The whole country knows Turnbull will be a better manager of the economy than Abbott and that if this silver-tongued barrister can't "sell" economic reform, no one can.

So great is the confidence in the confident Turnbull that the best way for him to stumble would be to baulk at this challenge.

Trouble is, by the time he's knocked tax reform into political shape, it will have fallen well short of its proponents' grand vision, won't deliver the promised economic benefits and won't make much difference to anything, apart from making the tax system less fair.

Right now, Turnbull is grappling with the desired shape of the GST increase. My guess is he'll definitely want to increase the rate of the tax, and won't go through all the angst for a piddling increase to 12.5 per cent. No, he'll go all the way to 15 per cent.

Broadening the tax's narrow base is more problematic, as the academics say. My guess is he'll avoid the practical minefield of extending the tax's coverage to health and education (even though taxing private health insurance and private schools would do much to reduce the tax's regressiveness​), but may include financial services.

His big temptation will be to tax fresh food but, though this would greatly increase his takings, it would also greatly increase the tax's regressiveness (because low-income households devote a much higher proportion of their budgets to food than high-income households do) and thus require much of this gain to be returned as "compensation", while adding much agonising and indignation from the elderly.

Of course, the GST increase will just be part of a much bigger package of tax reforms. Since the object of the exercise will be to change the "mix" of taxation – increasing indirect taxes on consumer spending while reducing direct taxes on income – it will include big tax cuts.

Turnbull will learn from his predecessors' blunder and ensure his reform package looks fair by including imposts aimed mainly at high-income earners. If he decides to cut the top rate of income tax – benefiting just the wealthiest 3 per cent of taxpayers – he'll probably include a crackdown on superannuation concessions and discounted capital gains tax favouring the well-off.

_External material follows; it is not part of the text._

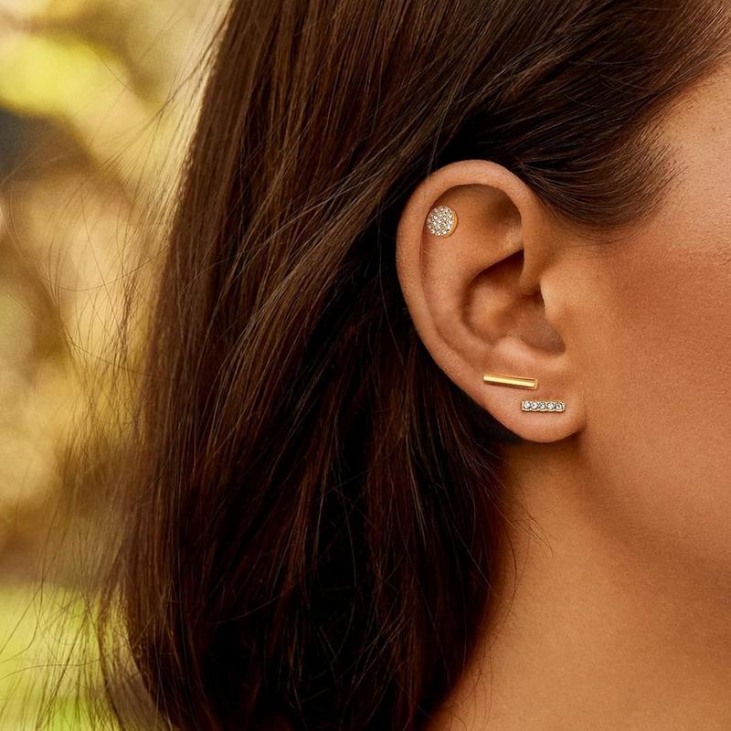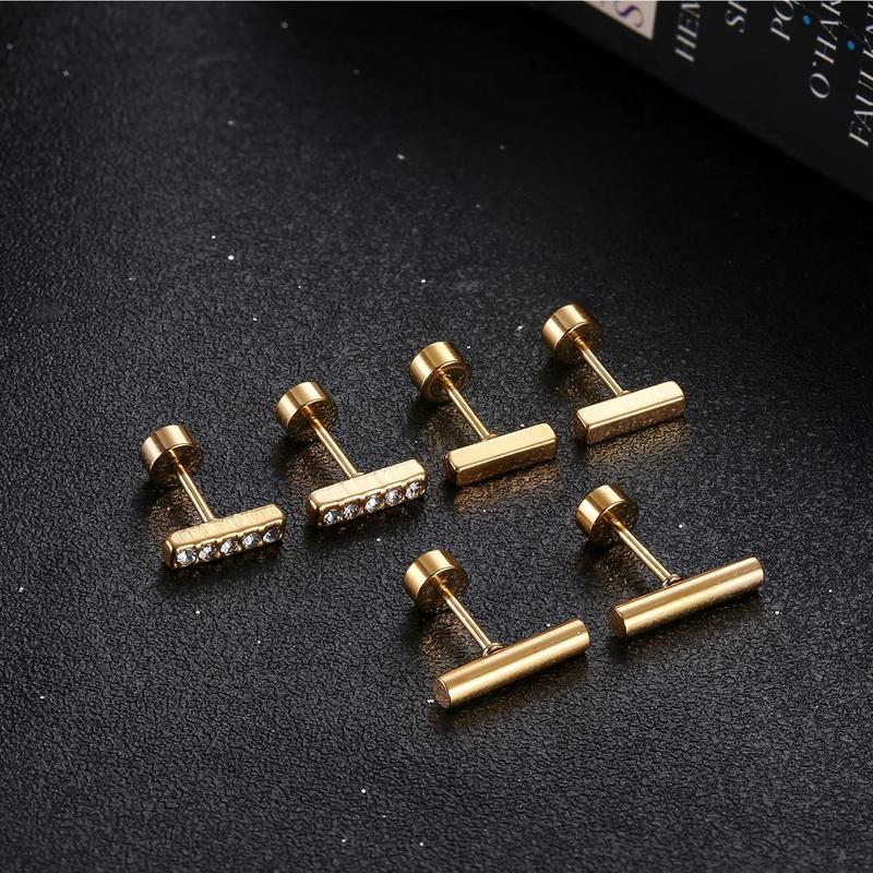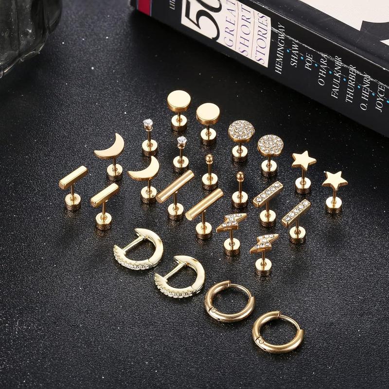 CLASSIC STYLE: One order includes 10 pairs flat back gold stud earrings, moon and star earrings; bar earrings; dot earrings; lightning bolt earrings; cz and ball earrings, and 2 small gold hoop earrings.

He'd also want to throw in abolition of some inefficient state taxes, such as the stamp duty on insurance policies.

He's making it very clear that low- and middle-income families would be protected from the effect of the higher GST by adequate compensation, in the form of special increases in pensions, dole payments and family benefits. People on low wages would be compensated by tax cuts.

But just because Turnbull has the smarts, political credit and credibility to raise the GST and hope to keep his job, this doesn't give him a magic wand to wave away the iron laws of arithmetic.

The sad truth is that the untiring advocates of a higher GST have plans to spend the proceeds many times over. Big business wants to devote the proceeds to covering the cost of cutting the rate of company tax.

The nation's grossly over-taxed chief executives want to use the proceeds to cut the top rate of income tax – all to produce a flowering of innovation and agility, naturally.

Then there's the Treasurer and his department, who profess to want to use the proceeds to counter the effects of bracket creep on everyone paying less than the top rate.

And, finally, there are the premiers, who think they own the GST and want to use the proceeds to cover the ever-rising cost of their spending on schools and hospitals. In principle and in political reality – although not strict legality – the premiers have a veto over any increase.

As ever, they'll go along with the deal once they've extorted enough moolah from the feds. Right now, they're in negotiating mode.

But not to worry. St Malcolm has promised to square the circle.